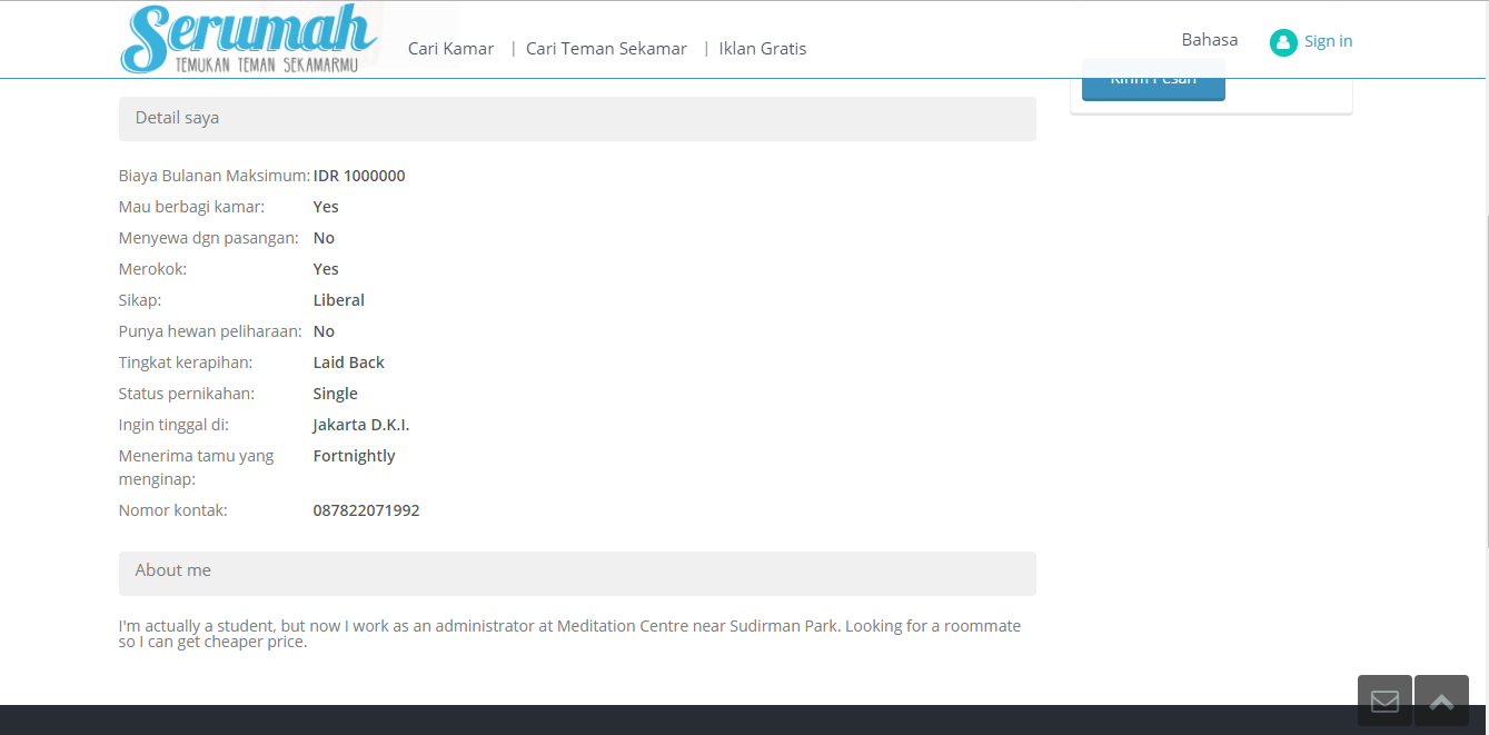 serumah.com kita bisa mengatur kriteria teman sekamar kita berdasarkan apa yang kita mau.
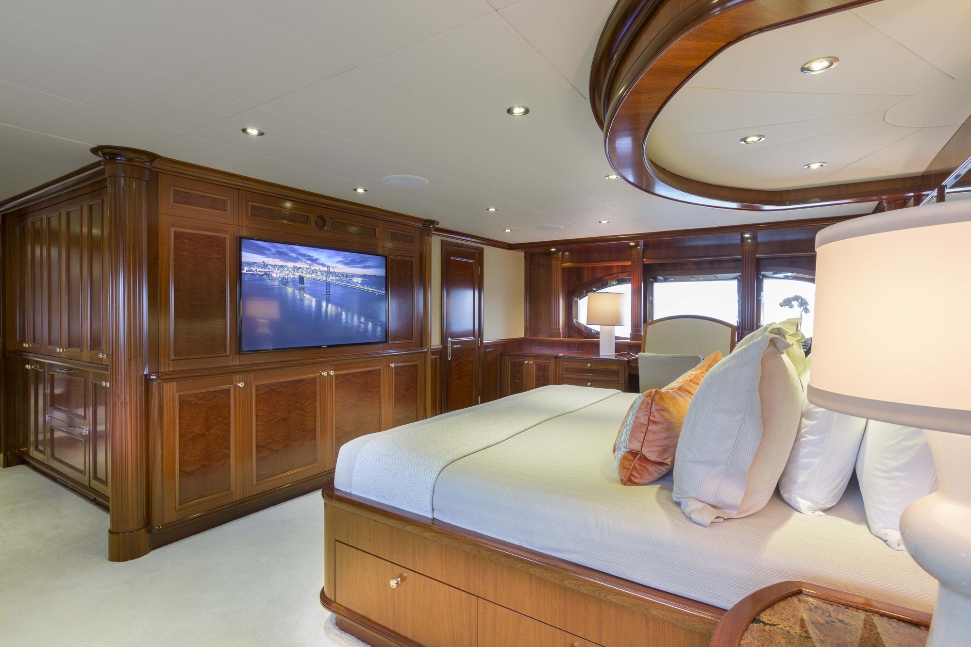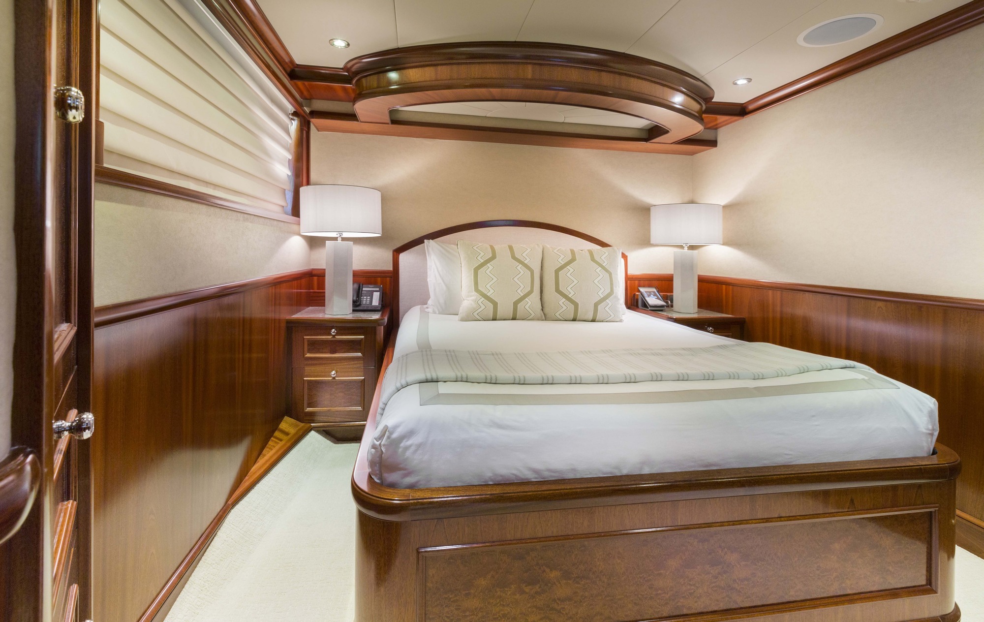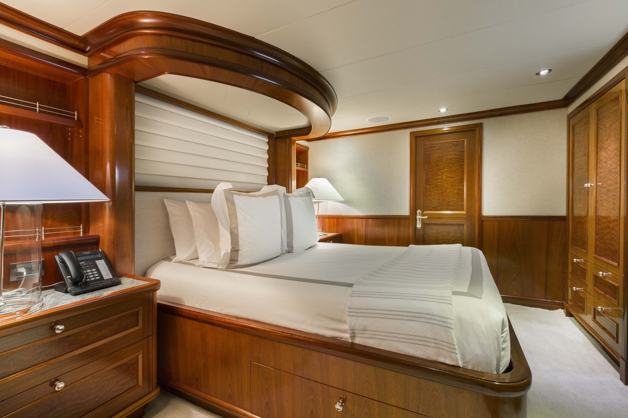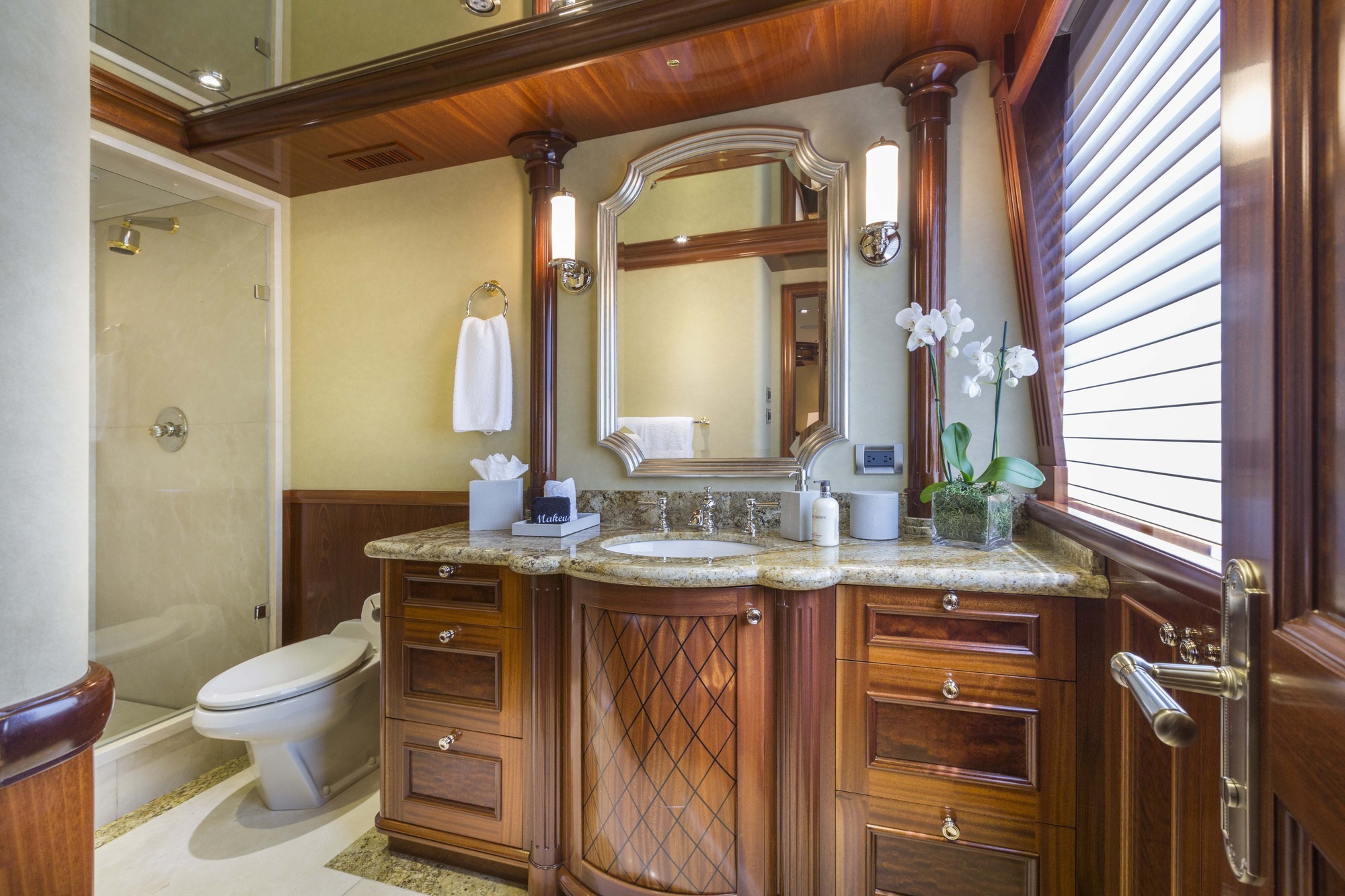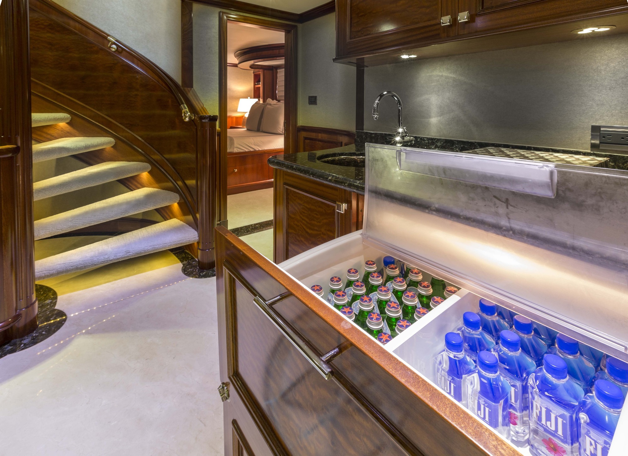 MASTER STATEROOM Forward to starboard on the main deck, past the powder room is the on deck master suite. As you enter the suite, to starboard there is a builtin desk and bookshelf/office area with a TV and a Subzero two drawer refreshment center. Continuing forward you walk into the master stateroom, featuring a center line king size bed with a lounge to starboard and dresser with vanity to port. A full entertainment system is hidden in cabinetry opposite the bed, with a 50” Samsung LCD TV. Forward of the bed are his (starboard) and her (port) bathrooms, his has a dual head steam shower, hers a large Jacuzzi tub and bidet. Both have W.C’s. Both bathrooms have TV’s hidden behind two way mirrors and the port bathroom has an emergency escape for’d, hidden behind another mirror. GUEST STATEROOMS Descending the starboard main foyer stairwell to the lower foyer, there is access to four large guest staterooms. Three staterooms feature Queen size beds, two aft are mirror images, with tub/shower combinations, except for the forward stateroom which features a stall shower. The fourth stateroom features 2 Twin beds, with stall shower. Every stateroom has a beautifully appointed en suite bathroom with slab marble and granite counter tops. The lower foyer also includes a refreshment bar with a Subzero two drawer refrigerator and ice maker. There is a hidden crew door that allows ease of access for the crew into the guest foyer, to service the lower deck with minimal intrusion on the guests. The crew passageway has a watertight door to ensure sound insulation between crew and guest areas.
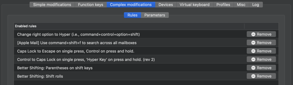 - Left control to hyper key for extra modifier key. I use this to open and bring apps to front.
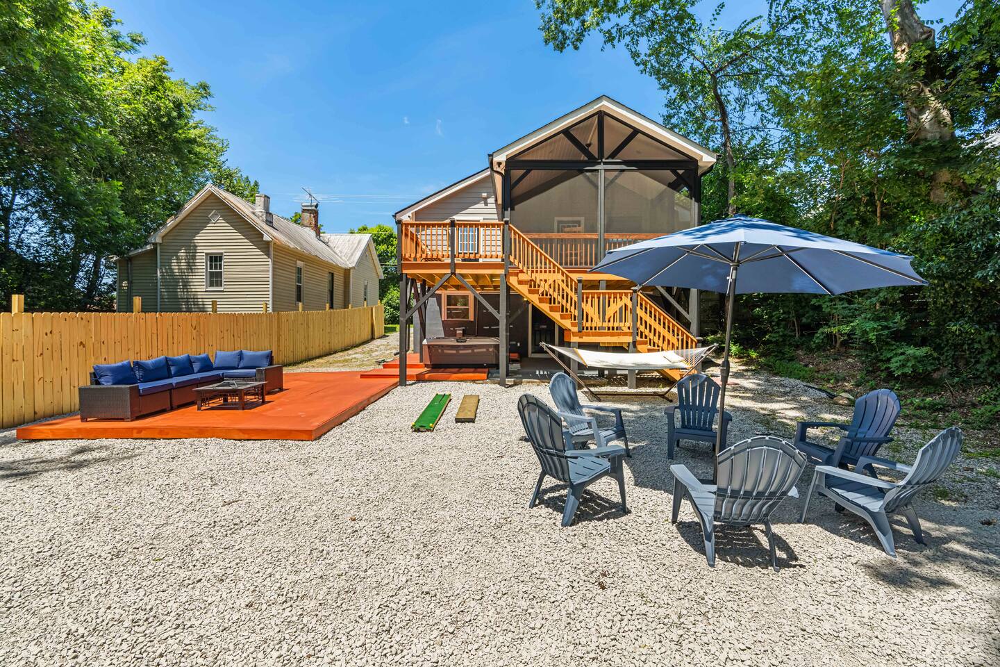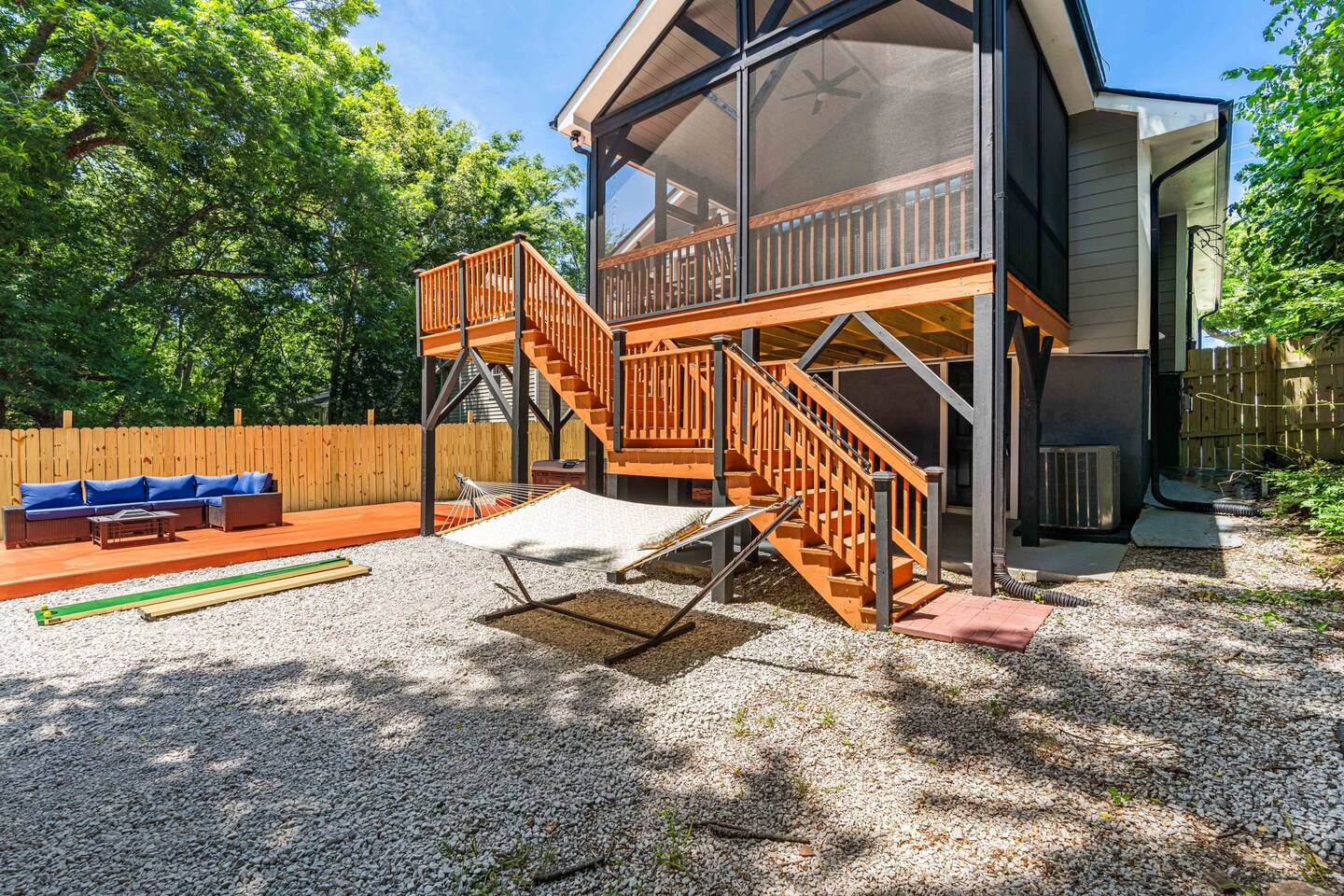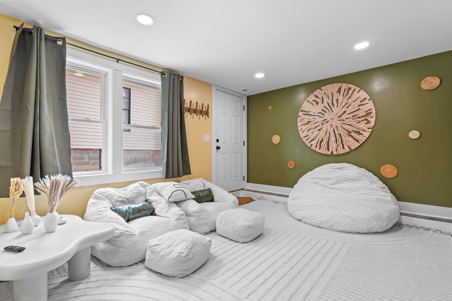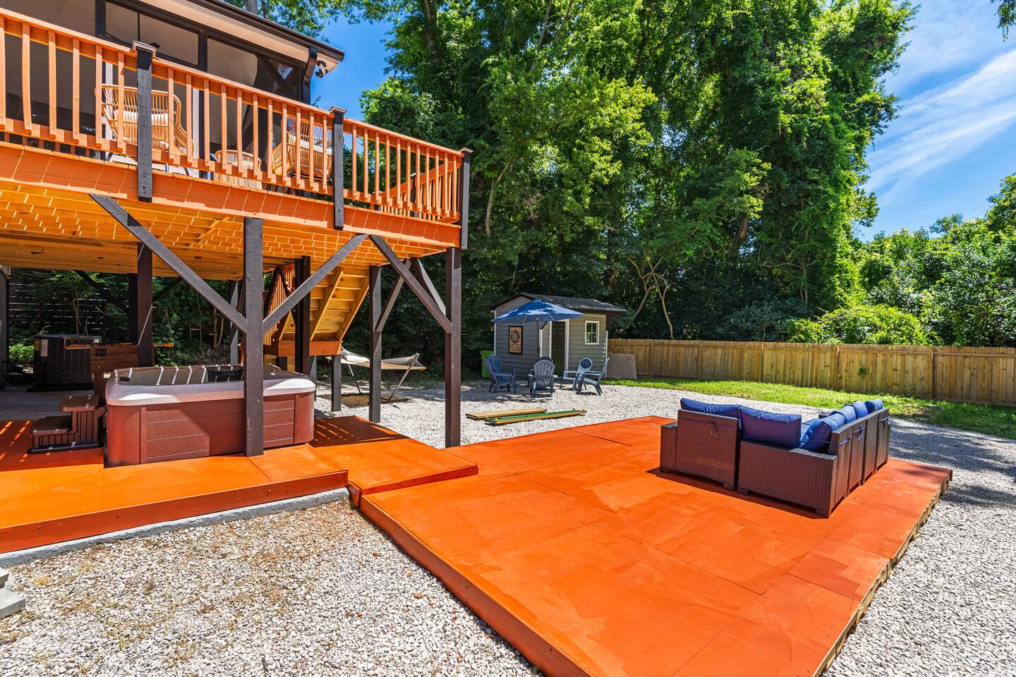 Newly renovated 5BR Boho Villa on a quiet, peaceful street just steps from downtown Raleigh. Soak in the private indoor hot tub, then relax on the spacious patio with a cozy fireplace, bar, and TV. The large backyard features a hammock chair, Adirondack chairs, couches, BBQ grill, plus fun games like darts, foosball, mini golf, and board games—perfect for family and friends. Inside, enjoy stylish new finishes, a fully equipped kitchen, quality furniture, and 4 smart TVs.
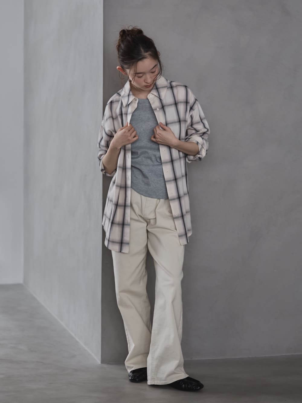 オーバーサイズのチェックシャツをさらっと羽織って、抜け感のあるスタイルに👀 グレー×アイボリーでやわらかくまとめて、ナチュラルな印象に。 頑張りすぎないラフさが今の気分。

=====

Problem to work on:
Copy nothing but the lines from the top of the material through the line holding "- Left control", exactly as written; omit pictures.

Your solution:
 serumah.com kita bisa mengatur kriteria teman sekamar kita berdasarkan apa yang kita mau.
 MASTER STATEROOM Forward to starboard on the main deck, past the powder room is the on deck master suite. As you enter the suite, to starboard there is a builtin desk and bookshelf/office area with a TV and a Subzero two drawer refreshment center. Continuing forward you walk into the master stateroom, featuring a center line king size bed with a lounge to starboard and dresser with vanity to port. A full entertainment system is hidden in cabinetry opposite the bed, with a 50” Samsung LCD TV. Forward of the bed are his (starboard) and her (port) bathrooms, his has a dual head steam shower, hers a large Jacuzzi tub and bidet. Both have W.C’s. Both bathrooms have TV’s hidden behind two way mirrors and the port bathroom has an emergency escape for’d, hidden behind another mirror. GUEST STATEROOMS Descending the starboard main foyer stairwell to the lower foyer, there is access to four large guest staterooms. Three staterooms feature Queen size beds, two aft are mirror images, with tub/shower combinations, except for the forward stateroom which features a stall shower. The fourth stateroom features 2 Twin beds, with stall shower. Every stateroom has a beautifully appointed en suite bathroom with slab marble and granite counter tops. The lower foyer also includes a refreshment bar with a Subzero two drawer refrigerator and ice maker. There is a hidden crew door that allows ease of access for the crew into the guest foyer, to service the lower deck with minimal intrusion on the guests. The crew passageway has a watertight door to ensure sound insulation between crew and guest areas.
 - Left control to hyper key for extra modifier key. I use this to open and bring apps to front.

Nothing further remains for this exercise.